I am in the process of trying to make template form MDF to use for making a bowl with my router. I have cut the template out with the jig saw. My problem is, although I was very careful, the edge is not quite without a few little bumps....I have tried to sand them down, but need to be careful not to make it worse.

Does anyone have a good method to put the finishing touches on a handmade template?

Thanks in advance for your help
Deborah


----------



## RainMan 2.0 (May 6, 2014)

Is the bowl round ? If so I would have used a circle jig attached to the base of the router for a perfect circle.
I suspect the experts here know how to do an elongated jig if it's not a round bowl


----------



## jw2170 (Jan 24, 2008)

Hi Deborah, unless you have a circle jig, as suggested by Rick, all I can see is lots of careful sanding.

There are some on the forum that have made many jigs, they may offer an easier solution.


----------



## RainMan 2.0 (May 6, 2014)

Deb here's a pic I found when I made an MDF jig with my circle cutter . It was very accurate and I used it for making plexi rings for speakers


----------



## Gaffboat (Mar 11, 2012)

Sanding is probably your best bet. I have also had good success sealing MDF edges with wood glue. Just apply it with your fingers let it dry and sand it. You can build up multiple layers and get a very smooth edge. That won't help major divots but may take care of minor ones.


----------



## RainMan 2.0 (May 6, 2014)

Gaffboat said:


> Sanding is probably your best bet. I have also had good success sealing MDF edges with wood glue. Just apply it with your fingers let it dry and sand it. You can build up multiple layers and get a very smooth edge. That won't help major divots but may take care of minor ones.

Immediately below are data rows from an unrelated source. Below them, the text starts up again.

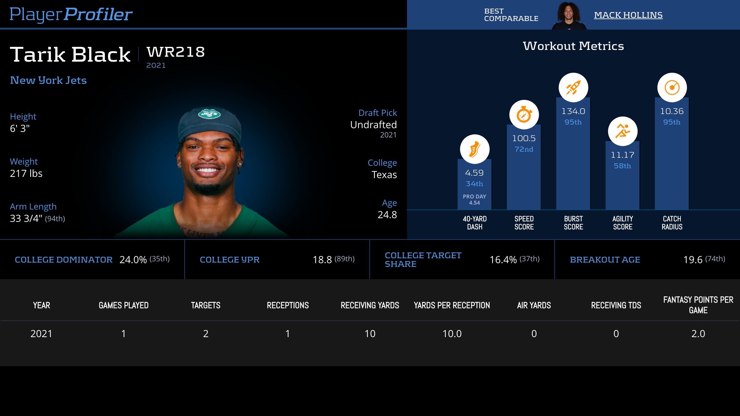 | Year Year | Games Games | Receptions Recs | Receiving Yards Rec Yds | Target Share Tgt Share | Catch Rate Catch Rate | Receiving Touchdowns Rec TDs | Special Teams Yards Special Teams | Age Age | School School |
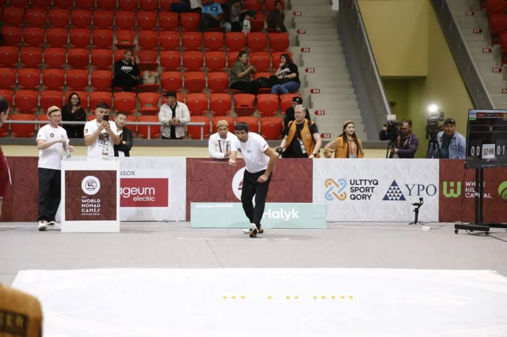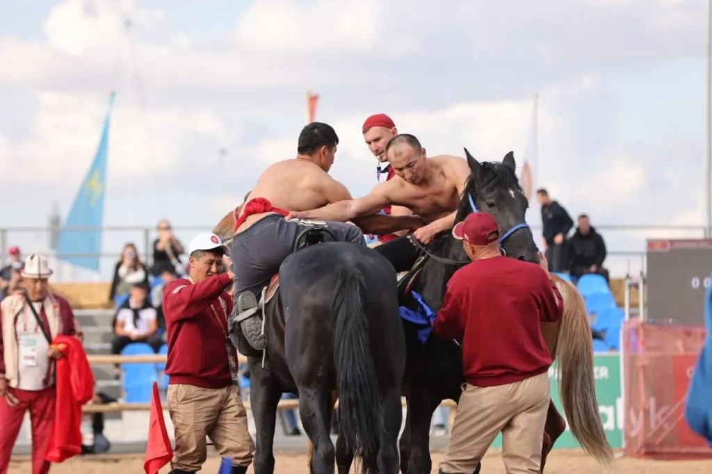 Аударыспак: В борьбе на лошадях золото Казахстану в весовой категории до 100 кг сегодня завоевал Сырым Избасаров. Также золото в категории свыше 100 кг завоевал Биржан Косалиев. Серебро нашей национальной сборной сегодня принес Есимхан Рахматилла в весе до 90 кг.
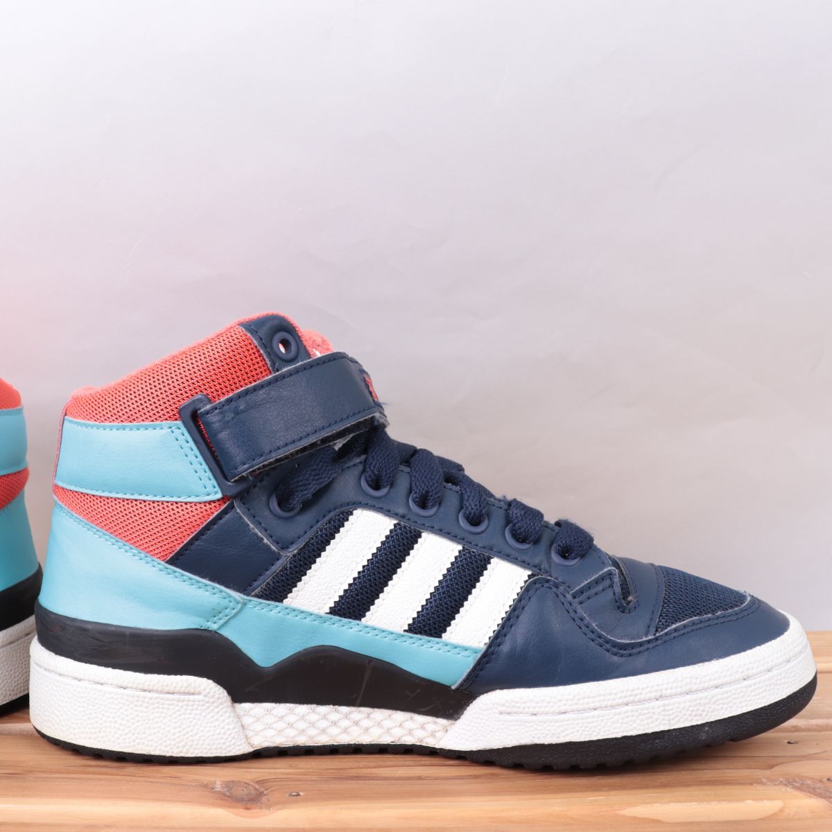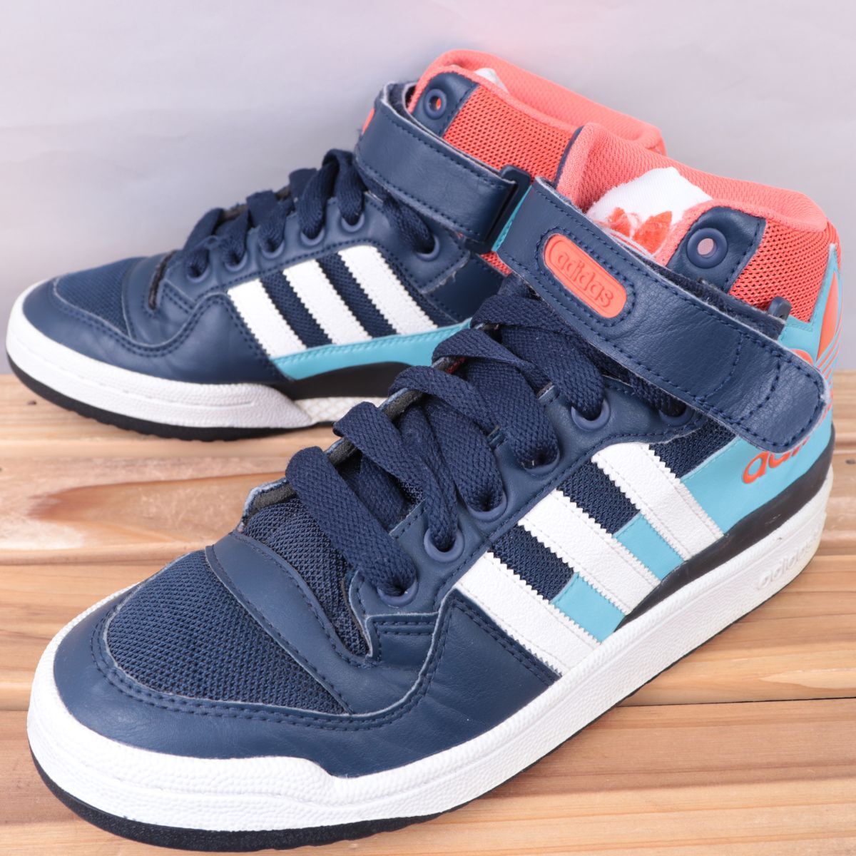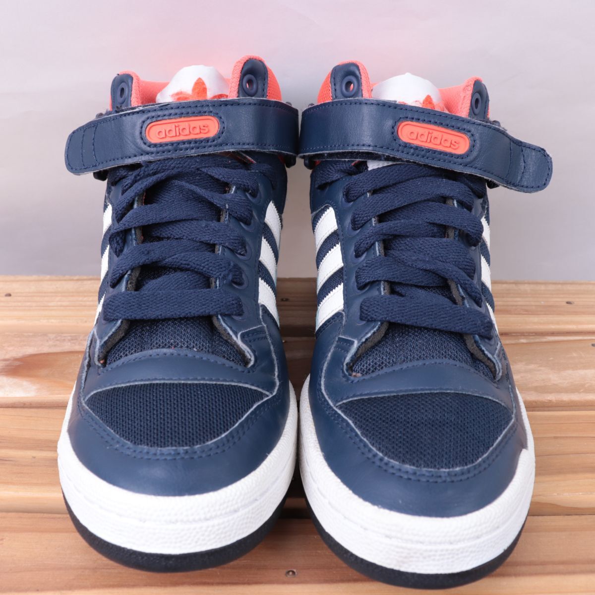 z1810 アディダス フォーラム ミッド US8 1/2 26.5cm/ダークネイビー 紺 オレンジ 水色 adidas FORUM MID RS メンズ スニーカー 中古
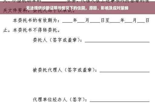 通过以上内容,我们了解了住院无法提供诊断证明书的原因、影响及解决方案,希望本文能够帮助大家更好地应对这一问题,保障自己的权益,在实际生活中,如遇到相关问题,可结合本文内容具体处理。

That reminds me of something , I used to repair mistakes with bondo sometimes .
That stuff they use on cars for repairing dents (I think she's a girl?)


----------



## Multiwood (Feb 24, 2013)

Deborah make a very thin piece of wood and glue sandpaper to it. It will follow the curve since the wood will bend.


----------



## harrysin (Jan 15, 2007)

These tutorials of mine may give you some ideas.


----------



## kp91 (Sep 10, 2004)

I can second bondo as a repair for damaged MDF templates and projects.


----------



## JCJCJC (May 15, 2012)

In general, remember that mdf is formed between rollers, which means that the surfaces are slightly more dense than the middle. If you make templates, they will last longer if you lacquer them heavily, so that the edges soak up the lacquer and are strengthened by it when it dries. As for sanding bumps to perfect your circles, why not make a former with a radius about 2mm bigger than your circle, glue a sanding sheet inside it and sand that way, it is bound to follow the curves and find the high spots only.


----------



## denis lock (Oct 26, 2007)

Hi Deborah

I use a half-round 2nd-cut file to get rid of the bumps and dips in my MDF templates. The trick is to draw file instead of the usual cross filing. I use the flat face for convex curves and the round face for concave curves. The is nothing to beat this approach.

Denis Lock - "Routing with Denis"


----------